I usually keep a bottle of Lucid around the house.  After using the last of it in a hot toddy for my sick friend, I headed out to The Party Source to buy another bottle.  To my disappointment, I found that the price had gone up.  Kübler, however, was on sale.  It was a bigger bottle for the same price.  Kübler was one of the original absinthes, so I decided to give it a try.

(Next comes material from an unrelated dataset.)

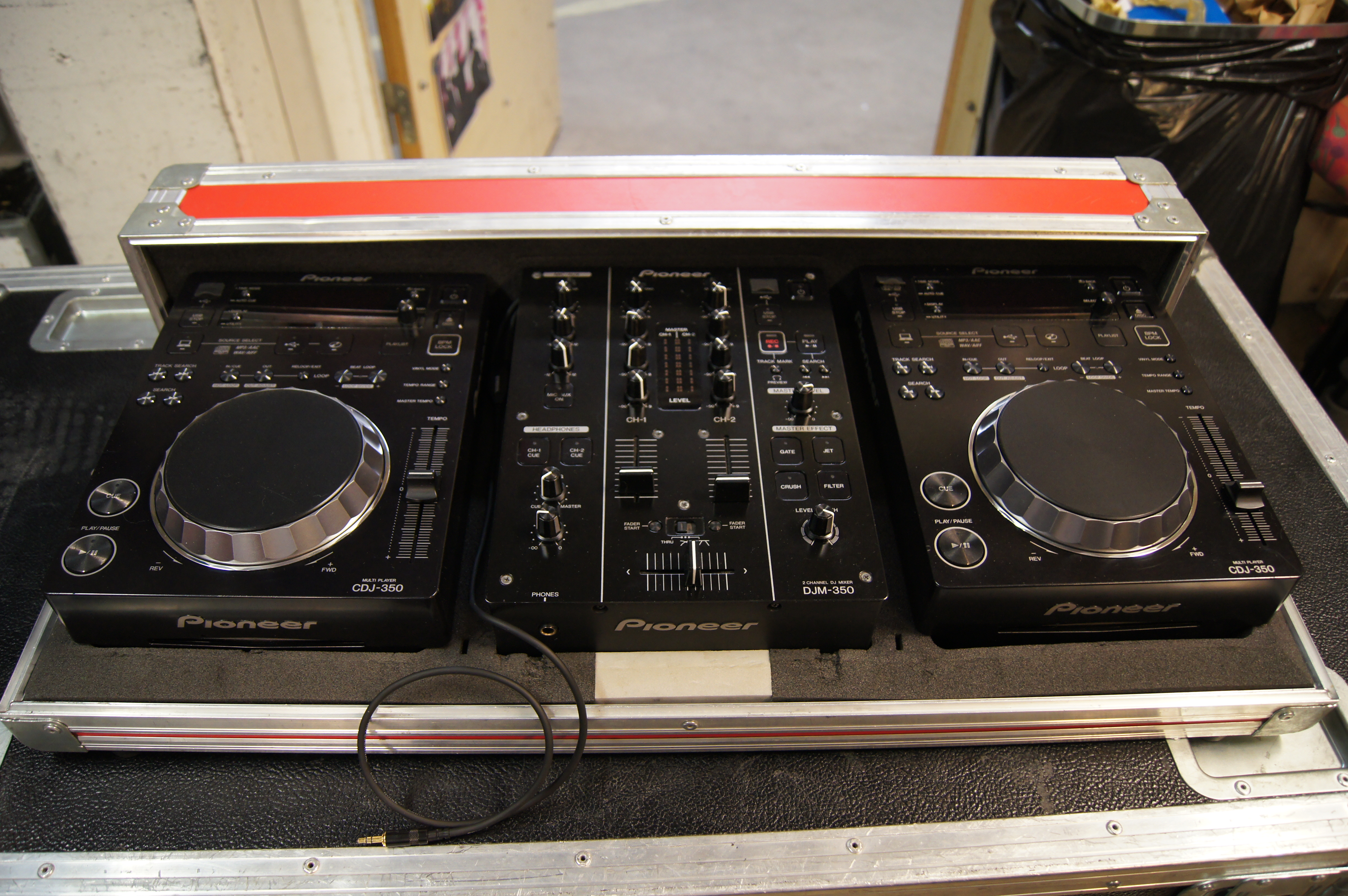Två CDJ-350 och en DJM-350 i rött Pioneer case. Sparsamt använt och i gott skick. Caset har xlr och powercon-uttag på baksidan med kablar dragna i caset. Original kabelgenomföring är övertejpad.

According to the Kübler website:  

“Kübler was launched in 1863 by J. Fritz Kübler in Motiers, Switzerland. Motiers is the capital of the Val-de-Travers, the birthplace of Absinthe.  Fritz opened his Blackmint Distillery in 1875 and was the recipient of numerous awards and medals in competitions around the European theater before the Swiss government banned Absinthe in 1910.  In 2001, the Swiss ban was lifted and the brand was revived by Fritz’s great grandson, Yves Kübler, who runs the present day distillery only a few miles from its original site in the Val-de-Travers. Yves produces Kübler according to the brands original formula and it includes all the elements presented to the market in 1863.
The principal ingredients in Absinthe are the herbs Grand Wormwood and Anise that provide the balance between bitter and sweet and make the taste of the spirit so compelling. Kübler uses a grain neutral base of Swiss wheat and also includes Hyssop, Lemon Balm, Coriander, Star Anise, Fennel, Artemisia Pontica and Mint according to its original formula. Each of these ingredients is grown locally in the Val-de-Travers. Kubler is 106 proof (53 ABV).”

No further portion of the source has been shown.